In a character language model, text is seen as a stream of characters. Say we have a training text as a string s, with length len(s). For training a language model, I've seen people come up with the training sequences in several ways:

  • fix a sequence length, say n=5, and chop up the training text by n to form a training set like (s[0:5], s[1:6]), (s[5:10], s[6:11]), ..., where each tuple (x, y) is an input, output pair, and we have a total of len(s)/n training examples. An advantage is we don't have to set a BPTT truncation parameter, because we always unroll the RNN n times and do BPTT exactly (provided n is small enough). This is done, for example by Karpathy.

  • everything else as the above, except the sliding window takes a stride of 1, instead of n. This gives a training set like (s[0:5], s[1:6]), (s[1:6], s[2:7]), ..., with size len(s)-n+1 (which can be much larger than the previous method). This kind of windowing is used in training traditional n-gram language models, for example here.

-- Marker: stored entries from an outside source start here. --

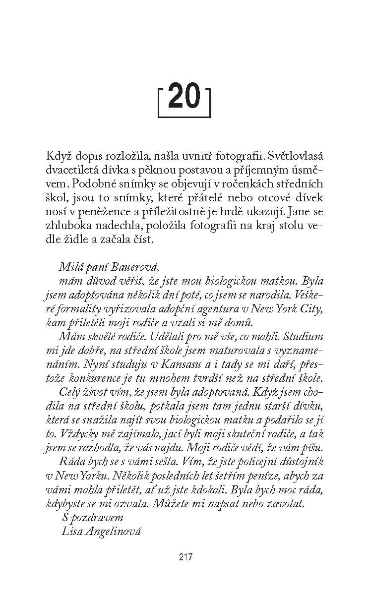 Po dvaceti letech věrné služby u newyorské policie se začíná Jane Bauerová těšit na rutinní práci v kanceláři. Musí se ovšem pokusit vyřešit svůj poslední náročný úkol: objasnit smrt muže, který byl nalezen mrtvý ve vestibulu činžovního domu. Případ je komplikovaný – na místě se nenašly žádné stopy a neexistují svědci. A co víc, obyvatelé domu, kteří tam žili v době vraždy, záhadně zmizeli. Při pátrání se nakonec i Jane ocitá tváří v tvář vrahovi…
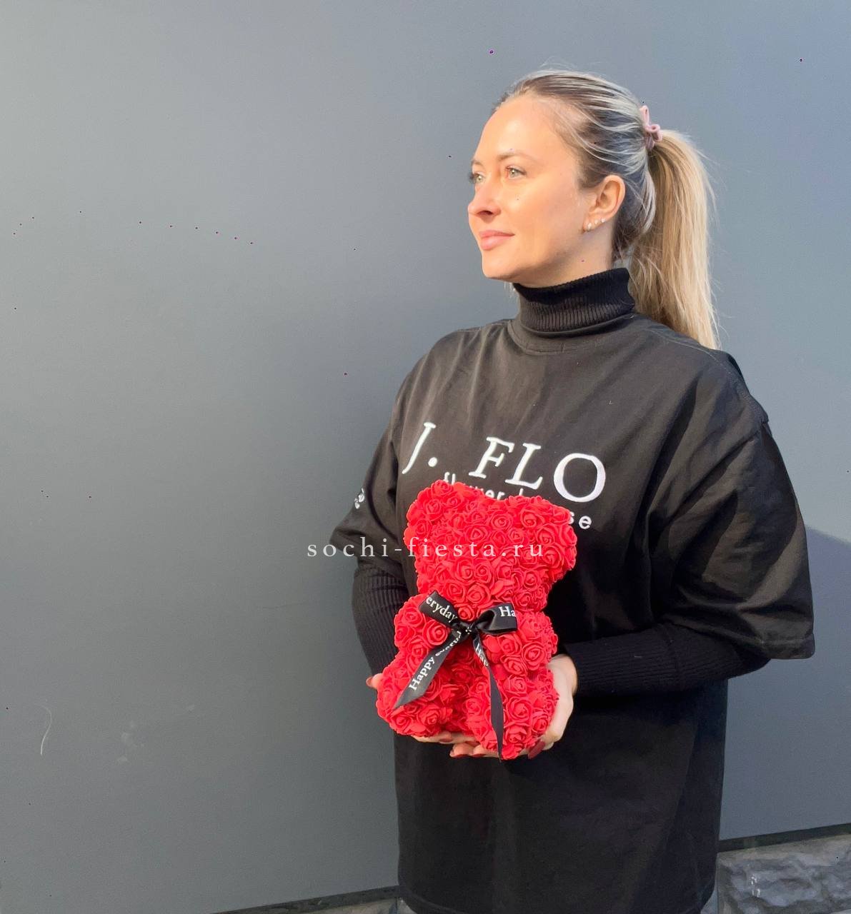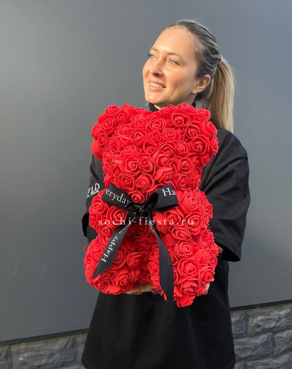 Медведь из роз красный
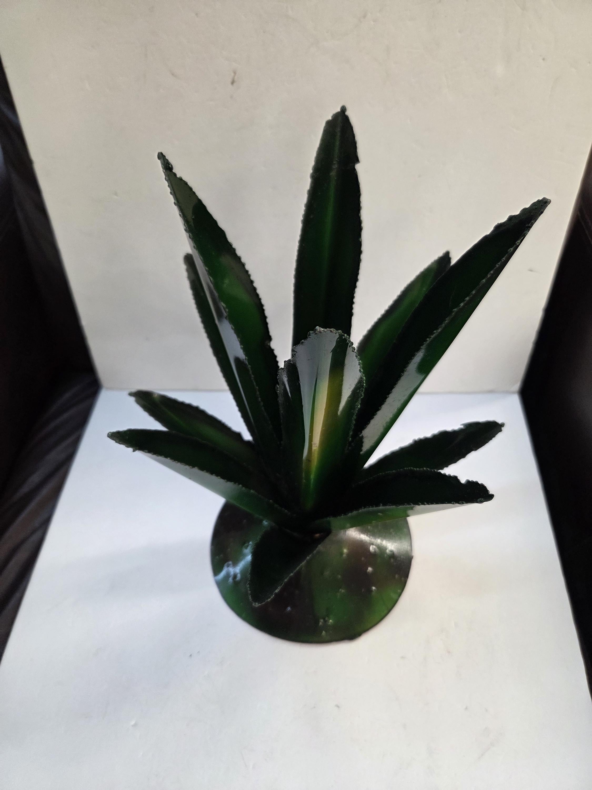 THIS ITEM. Awesome Handmade, Hand-Painted, Agave Metal Art Made by Mexico Artisans, for yard, patio, or shelf. I was impressed. I've seen a lot of metal agaves by different people, but these are some of the best I've seen done. Each one is handmade and hand-painted, rather than machine made, so sometimes there can be minor flaws, but the overall look is always very beautiful and impressive. Size is roughly 15.5" tall by 12" wide. Don't wait too long as our other ones sold out pretty quickly last time. The round metal bases are normally roughly 6" to 7" wide. This is actually handmade, not one of those put it together Chinese agaves that you might see elsewhere. This would also make a lovely present for a friend or a loved one. I am not the world's greatest photographer so I may not have the best pictures out there, but my prices certainly are the greatest so WHY PAY MORE?

  • just use sentences in the text as training examples, rather than sequences of fixed length n. This is done for word level RNN language model in this blog post, where a training example looks like ('SETENCE_START Hello world !','Hello world ! SETENCE_END'). Since the sentences can be very long, a BPTT truncation parameter is needed; we also get less training data with this method, if the sentences are very long.

Does anybody have good insights as which method to use? I consulted the original paper by Mikolov, but couldn't figure out exactly which method they used.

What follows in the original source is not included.